Meine Mutter hat da irgendwas falsch gemacht. Was genau eigentlich ihr Fehler war, das habe ich mich als junges Mädchen nicht gefragt. Klar war aber – ich werde Abi machen, ich werde studieren, selbstverständlich studiere ich etwas was gute Jobchancen bietet, ich werde vollzeit arbeiten. Ich werde unabhängig bleiben.

Also habe ich Abi gemacht. Ich habe studiert und angefangen zu arbeiten. Dann wurde ich arbeitslos. Betriebsbedingt. Mit Mitte 20, guten Noten, in einem Bereich mit guten Aussichten. Ich fing an mich zu bewerben. Ich erfüllte alle Kriterien der Stellenausschreibungen.

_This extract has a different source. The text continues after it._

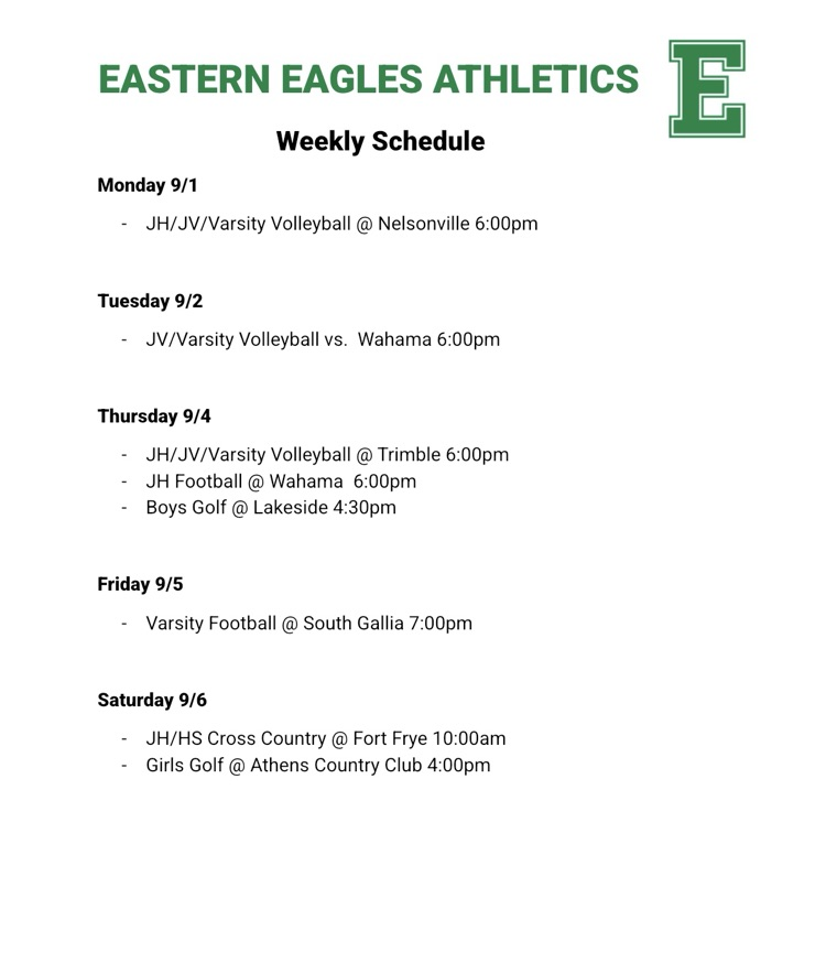 Eastern Local Schools will host Parent Night on Tuesday, September 2nd, from 5:00–7:00 p.m. for grades 3–12.

Ich bekam Absagen. Ich machte mir wenig Gedanken, schließlich war ich jung, bestimmt hatten andere mehr Erfahrung, bestimmt hatten andere bessere Noten. Ich erzählte im Bekanntenkreis, dass ich bisher Absagen bekam. Von allen Seiten kamen Ratschläge. Ich hatte damit gerechnet, dass man mir Fortbildungen empfiehlt oder vielleicht bestimmte Firmen, die Leute suchen. Vielleicht bietet mir auch jemand an, die Bewerbungen zu prüfen. Stattdessen riet man mir, keine Ringe zu tragen – nicht dass jemand ahnt dass du verheiratet bist – sagten sie. Sie sagten „Erwähne bloß, dass ihr Eigentum habt“, „Versuche heraus zu stellen, dass Karriere das wichtigste in deinem Leben ist“.

Ich war ehrlich geschockt. Sollte das wahr sein? Kein Job weil ich eine Frau bin? Im fruchtbaren Alter! Klar, sagten sie. Natürlich, was denkst du denn.

Ich bin also eine Frau. Wenn ich einen Ring trage, bedeutet dass – stell sie nicht ein, die wird schwanger. Wenn der Mann einen Ring trägt, bedeutet dass – er ist solide und ihm wird der Rücken frei gehalten. Wenn ich Eigentum besitze, bedeutet dass – stell sie nicht ein, die wird schwanger. Wenn der Mann Eigentum besitzt, bedeutet dass – er ist solide, vernünftig, verantwortungsvoll und zukunftsorientiert und außerdem zieht er nicht so schnell weg.

Ich habe trotzdem einen Job bekommen. Ich bekomme weniger Geld als mein Mann, trotz besserer Qualifikation. Trotzdem bin ich glücklich. Ich bin beim Staat gelandet, wenn wir ein Kind erwarten, ist mein Job nicht in Gefahr. Das ist mir das geringere Gehalt wert. Der Job von meinem Mann ist durch ein Kind ja sowieso nicht in Gefahr. Er ist ja schließlich ein Mann.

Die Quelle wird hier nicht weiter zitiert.